Scottish Government announces plans for more transparency on land ownership

Scottish Government announces plans for more transparency on land ownership

Mairi McAllan

Communities and individuals will soon have access to information to enable them to find out who has a controlling interest in Scotland’s land.

As part of its long-running commitment to improving transparency of land ownership, the Scottish Government is introducing a new Register of Persons Holding a Controlled Interest (RCI) in land on 1 April 2022.

This public register provides key information about those who ultimately make decisions about the management or use of land, even if they are not necessarily registered as the owner, including overseas entities and trusts.

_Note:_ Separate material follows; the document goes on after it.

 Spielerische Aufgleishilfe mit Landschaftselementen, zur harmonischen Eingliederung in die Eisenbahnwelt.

The information will enable individuals and communities to identify and engage with those who make decisions about land that affects them.

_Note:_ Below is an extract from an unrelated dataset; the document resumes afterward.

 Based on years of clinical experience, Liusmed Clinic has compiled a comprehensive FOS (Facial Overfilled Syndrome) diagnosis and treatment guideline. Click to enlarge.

Environment and land reform minister, Mairi McAllan said: “The launch of this new register marks a significant milestone in making land ownership in Scotland more transparent. I want to ensure that there can no longer be categories of landowner or tenant where, intentionally or otherwise, control of decision-making is obscured, including in or via overseas trusts or entities.

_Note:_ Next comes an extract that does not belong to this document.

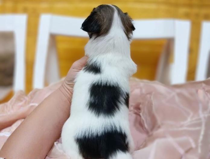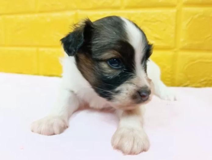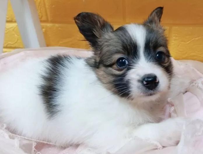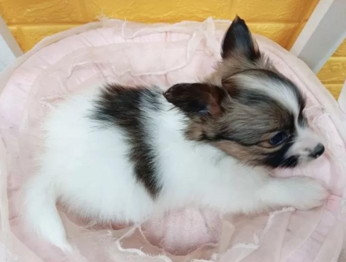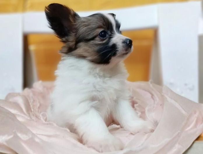 生まれたばかりのパピヨンの女の子で、レッドセーブル&ホワイトの美しい色合いがひと際目を引く、愛らしい雰囲気の子です。柔らかい表情と澄んだ瞳がとても可愛く、成長とともに耳の飾り毛もふんわり伸びて、さらにエレガントな雰囲気が増していくと思います💕

“Scotland has a long history of land reform and this journey to make the ownership and use of our land and assets fairer marches on.

“The new register will make Scotland a frontrunner in Europe and deliver greater transparency than any other part of the UK. It enables the public to look behind land ownership and identify those who ultimately make decisions.

“We have committed to bring forward a new Land Reform Bill over the course of this parliament which will further tackle Scotland’s historically iniquitous patterns of land ownership and use.”

Keeper of the Registers of Scotland Jennifer Henderson, added: “Registers of Scotland are delighted to have been given the responsibility to establish and maintain the Register of Persons Holding a Controlled Interest in Land. The register will become a valuable source of information and bring greater transparency of who makes decisions about the country’s land and property.

“It will deliver valuable insight to citizens and communities across Scotland.”